Work to complete: Retype the data exactly, skipping any picture in it.

Data block:
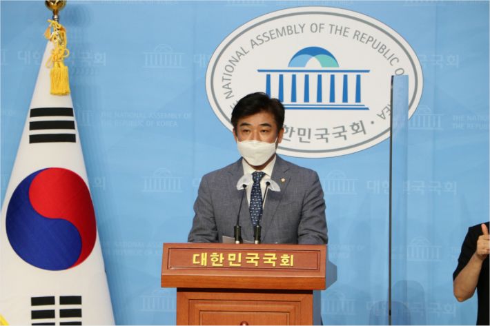 더불어민주당 자본시장활성화특별위원장 겸 정무위원회 간사인 김병욱 의원이 지난달 29일 국회 소통관에서 주식 대주주 범위 확대의 유예를 촉구하는 모습.(사진=연합뉴스)
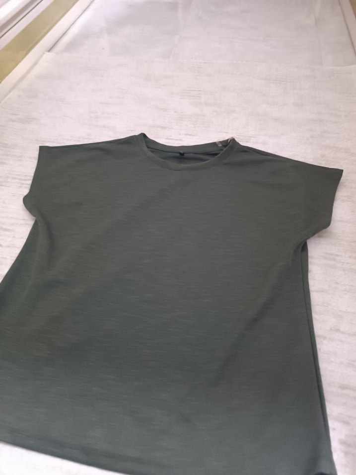 Gri Keten Kadın Tişörtü, Yuvarlak Yaka, Kısa Kollu
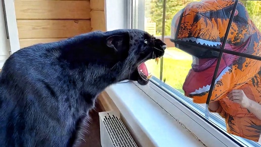 Реакция пантеры Луны на динозавра 😳😁🐆🦖

Written answer:
 더불어민주당 자본시장활성화특별위원장 겸 정무위원회 간사인 김병욱 의원이 지난달 29일 국회 소통관에서 주식 대주주 범위 확대의 유예를 촉구하는 모습.(사진=연합뉴스)
 Gri Keten Kadın Tişörtü, Yuvarlak Yaka, Kısa Kollu
 Реакция пантеры Луны на динозавра 😳😁🐆🦖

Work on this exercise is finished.